* **REQUIRED ACTION**
Write out the records below exactly as they appear, skipping each picture.

[Records from a dataset]
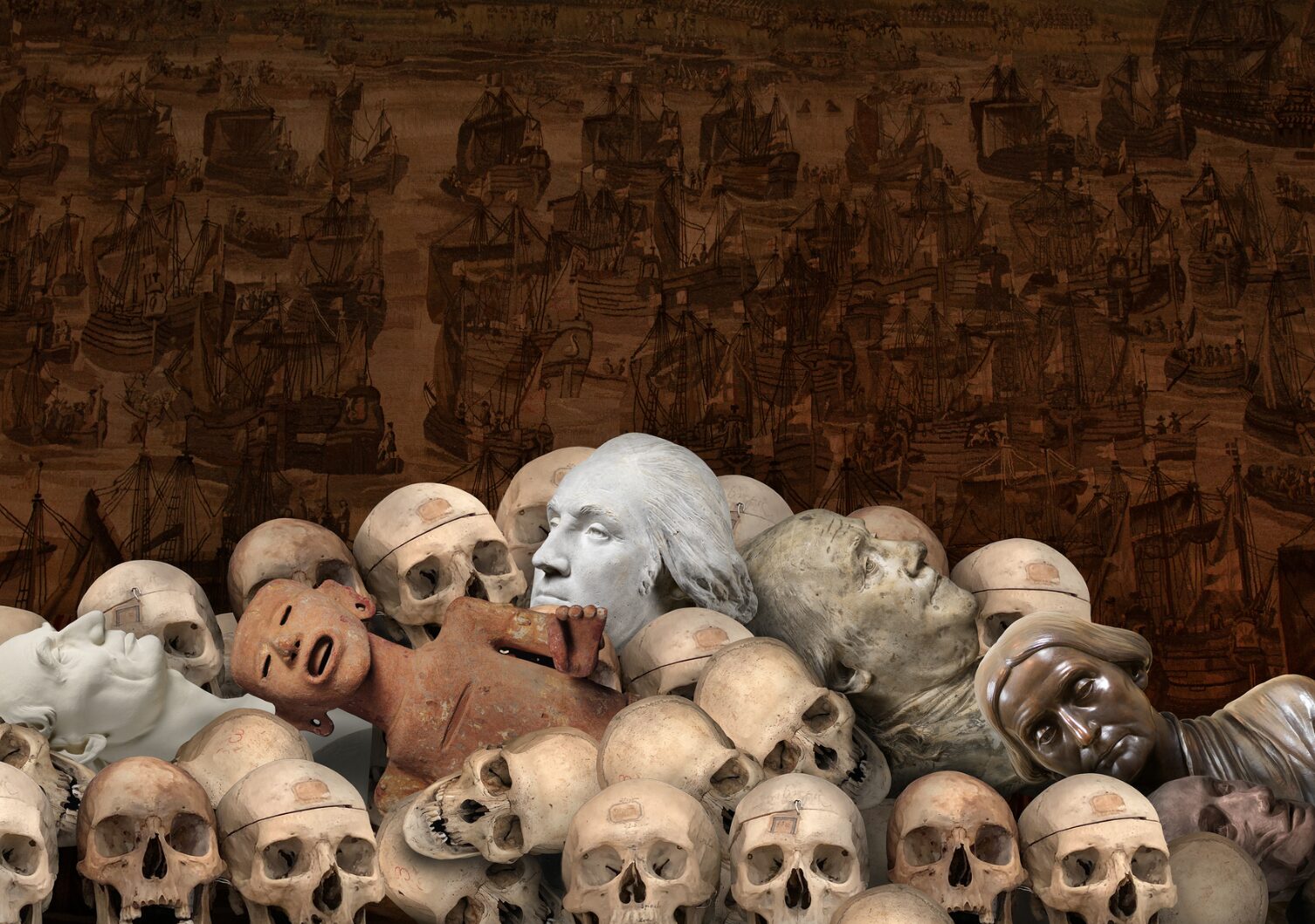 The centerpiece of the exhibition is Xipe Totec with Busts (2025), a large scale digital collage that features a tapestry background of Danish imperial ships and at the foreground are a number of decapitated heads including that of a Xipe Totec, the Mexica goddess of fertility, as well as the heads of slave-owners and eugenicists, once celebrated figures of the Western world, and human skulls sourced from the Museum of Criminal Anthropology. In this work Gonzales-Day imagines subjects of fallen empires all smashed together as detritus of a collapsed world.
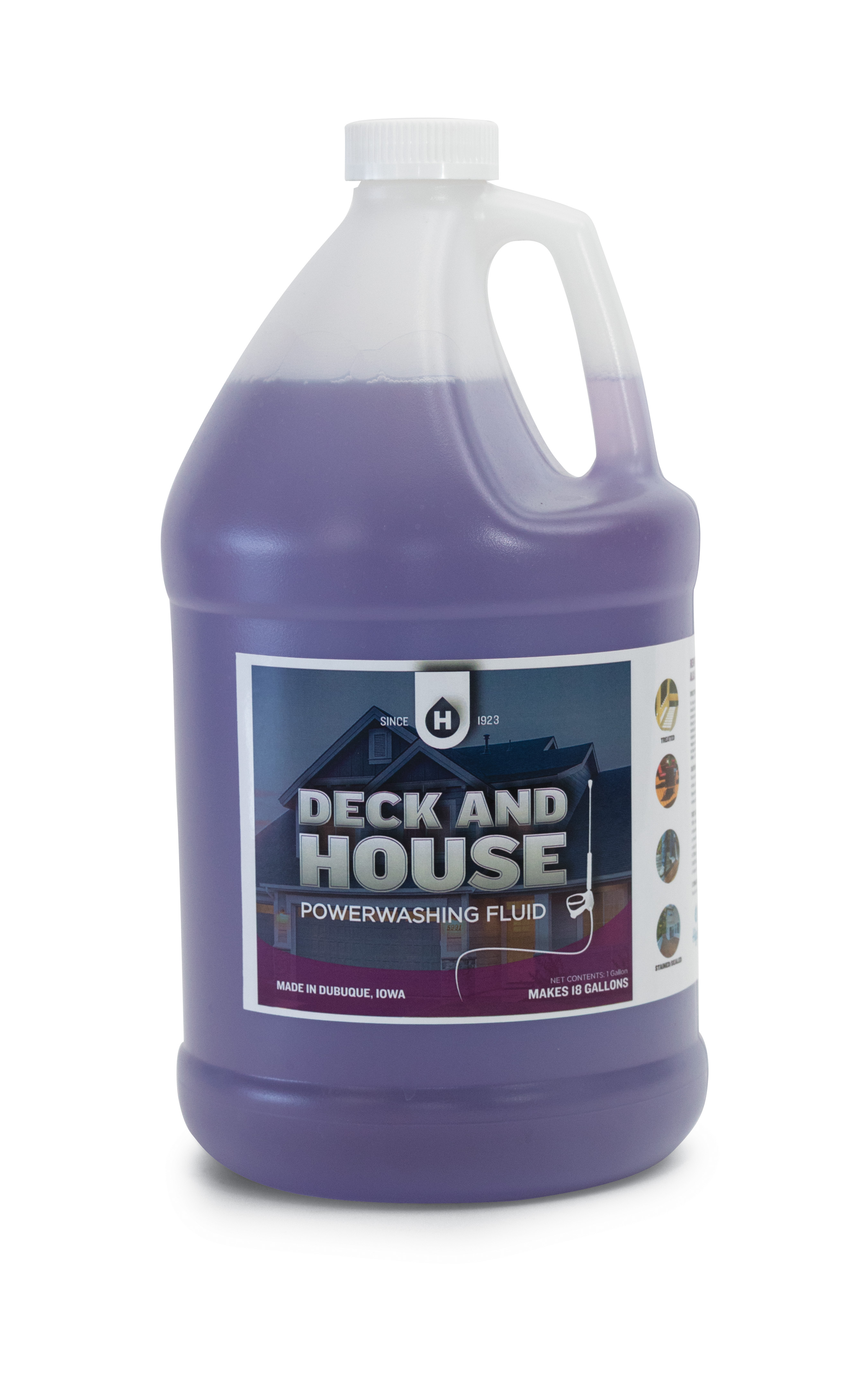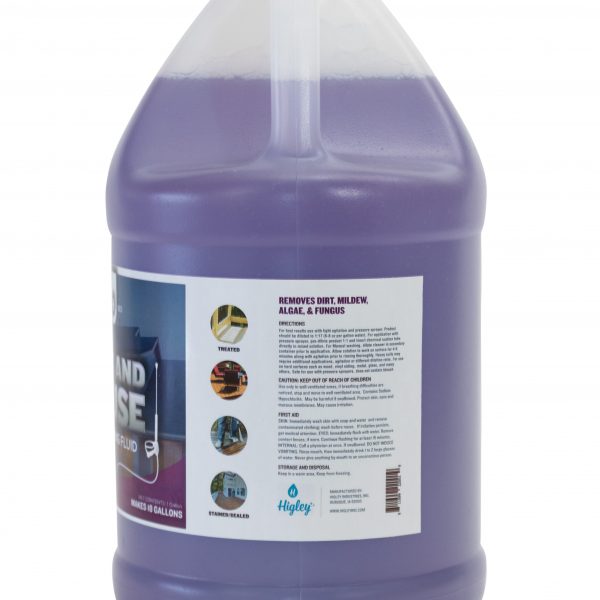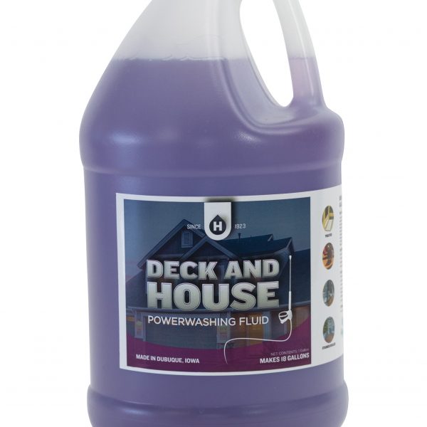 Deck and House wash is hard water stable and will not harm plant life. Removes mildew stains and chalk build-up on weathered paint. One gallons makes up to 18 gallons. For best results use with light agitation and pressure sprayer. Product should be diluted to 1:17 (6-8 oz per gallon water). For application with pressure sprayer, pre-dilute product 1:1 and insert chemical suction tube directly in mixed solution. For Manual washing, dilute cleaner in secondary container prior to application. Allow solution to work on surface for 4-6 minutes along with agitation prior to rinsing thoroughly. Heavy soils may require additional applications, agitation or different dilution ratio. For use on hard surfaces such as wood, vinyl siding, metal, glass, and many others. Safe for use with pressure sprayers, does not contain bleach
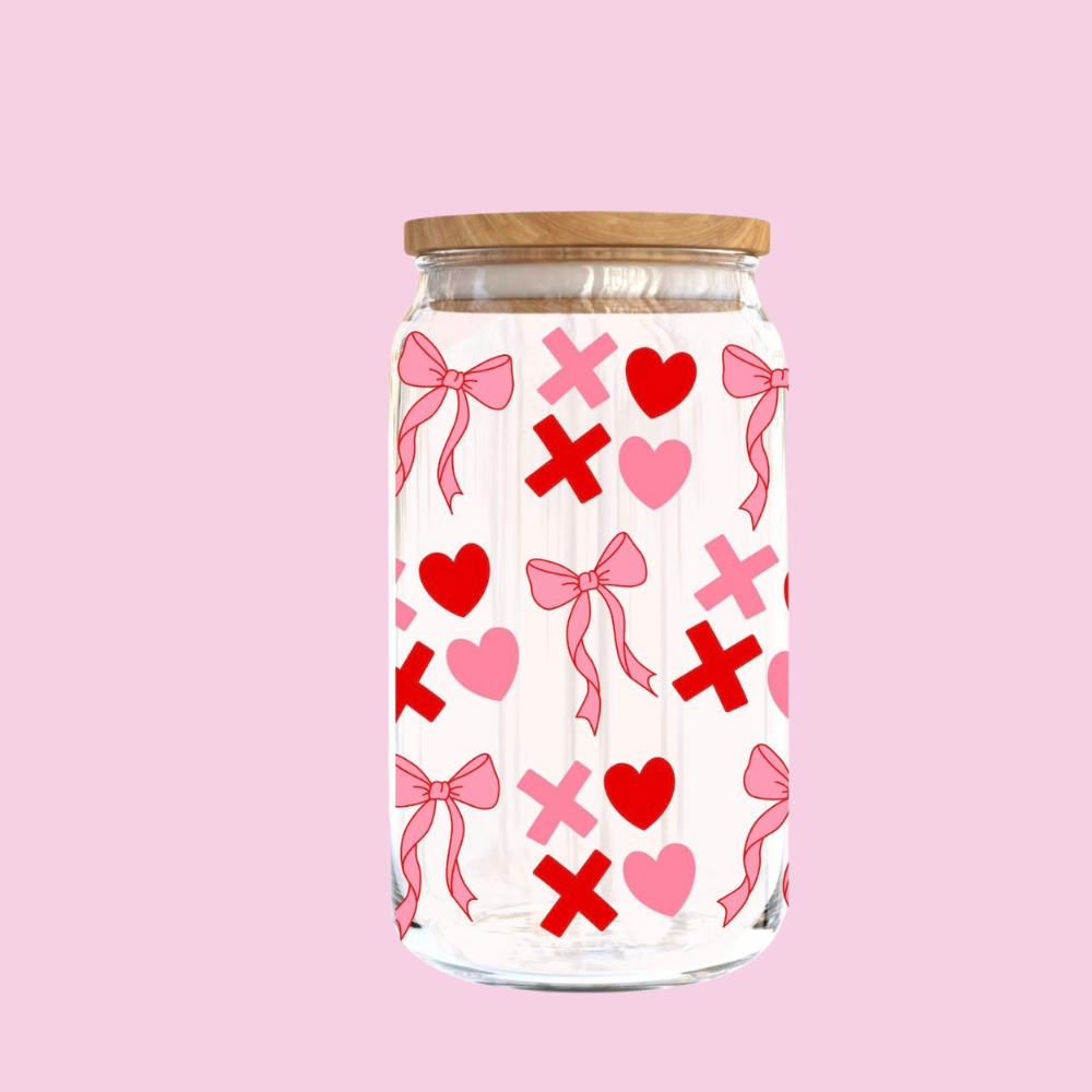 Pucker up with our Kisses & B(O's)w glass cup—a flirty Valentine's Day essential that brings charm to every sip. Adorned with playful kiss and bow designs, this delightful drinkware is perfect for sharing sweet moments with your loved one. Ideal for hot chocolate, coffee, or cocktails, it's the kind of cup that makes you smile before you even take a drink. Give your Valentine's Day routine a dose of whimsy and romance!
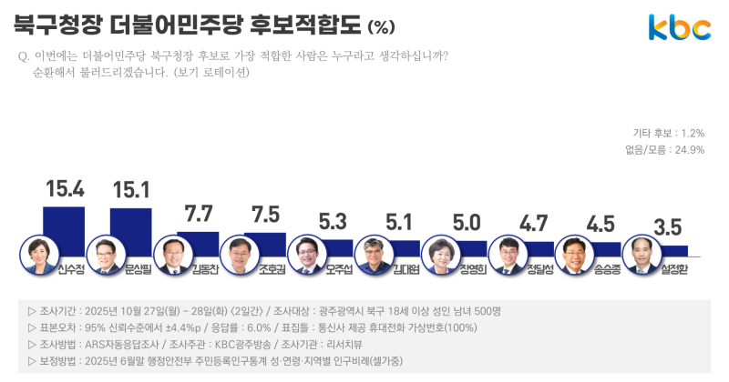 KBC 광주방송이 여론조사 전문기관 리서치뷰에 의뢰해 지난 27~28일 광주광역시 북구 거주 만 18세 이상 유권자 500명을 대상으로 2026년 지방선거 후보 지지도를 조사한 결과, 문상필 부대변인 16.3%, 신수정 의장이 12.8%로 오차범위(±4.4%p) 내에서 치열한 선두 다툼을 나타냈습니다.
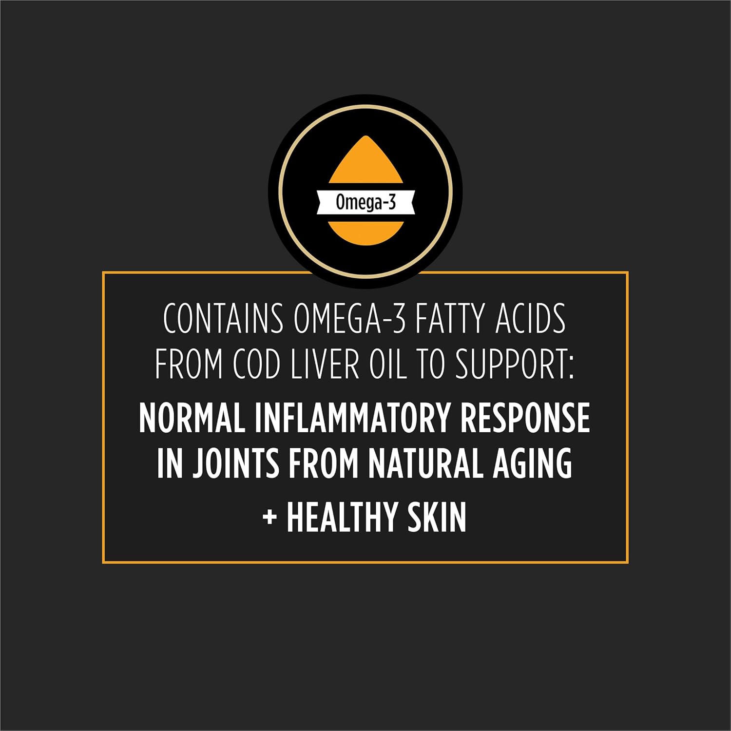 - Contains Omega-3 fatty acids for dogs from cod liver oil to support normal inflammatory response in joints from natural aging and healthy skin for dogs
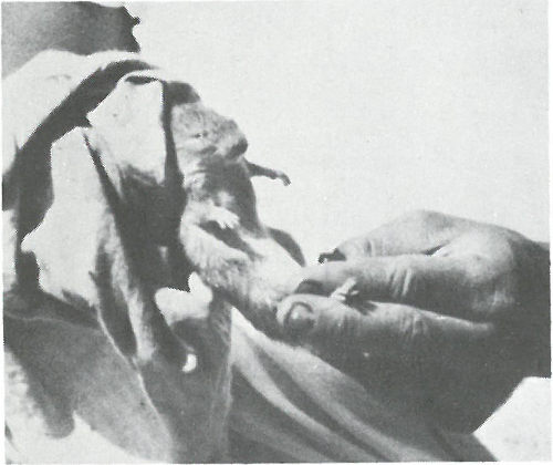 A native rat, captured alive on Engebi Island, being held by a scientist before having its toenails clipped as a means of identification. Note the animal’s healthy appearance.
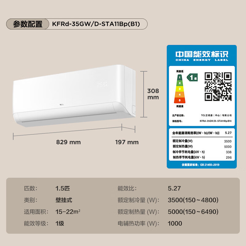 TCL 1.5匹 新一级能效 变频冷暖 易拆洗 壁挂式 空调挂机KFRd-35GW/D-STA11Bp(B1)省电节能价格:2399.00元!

* **TASK SOLUTION**
 The centerpiece of the exhibition is Xipe Totec with Busts (2025), a large scale digital collage that features a tapestry background of Danish imperial ships and at the foreground are a number of decapitated heads including that of a Xipe Totec, the Mexica goddess of fertility, as well as the heads of slave-owners and eugenicists, once celebrated figures of the Western world, and human skulls sourced from the Museum of Criminal Anthropology. In this work Gonzales-Day imagines subjects of fallen empires all smashed together as detritus of a collapsed world.
 Deck and House wash is hard water stable and will not harm plant life. Removes mildew stains and chalk build-up on weathered paint. One gallons makes up to 18 gallons. For best results use with light agitation and pressure sprayer. Product should be diluted to 1:17 (6-8 oz per gallon water). For application with pressure sprayer, pre-dilute product 1:1 and insert chemical suction tube directly in mixed solution. For Manual washing, dilute cleaner in secondary container prior to application. Allow solution to work on surface for 4-6 minutes along with agitation prior to rinsing thoroughly. Heavy soils may require additional applications, agitation or different dilution ratio. For use on hard surfaces such as wood, vinyl siding, metal, glass, and many others. Safe for use with pressure sprayers, does not contain bleach
 Pucker up with our Kisses & B(O's)w glass cup—a flirty Valentine's Day essential that brings charm to every sip. Adorned with playful kiss and bow designs, this delightful drinkware is perfect for sharing sweet moments with your loved one. Ideal for hot chocolate, coffee, or cocktails, it's the kind of cup that makes you smile before you even take a drink. Give your Valentine's Day routine a dose of whimsy and romance!
 KBC 광주방송이 여론조사 전문기관 리서치뷰에 의뢰해 지난 27~28일 광주광역시 북구 거주 만 18세 이상 유권자 500명을 대상으로 2026년 지방선거 후보 지지도를 조사한 결과, 문상필 부대변인 16.3%, 신수정 의장이 12.8%로 오차범위(±4.4%p) 내에서 치열한 선두 다툼을 나타냈습니다.
 - Contains Omega-3 fatty acids for dogs from cod liver oil to support normal inflammatory response in joints from natural aging and healthy skin for dogs
 A native rat, captured alive on Engebi Island, being held by a scientist before having its toenails clipped as a means of identification. Note the animal’s healthy appearance.
 TCL 1.5匹 新一级能效 变频冷暖 易拆洗 壁挂式 空调挂机KFRd-35GW/D-STA11Bp(B1)省电节能价格:2399.00元!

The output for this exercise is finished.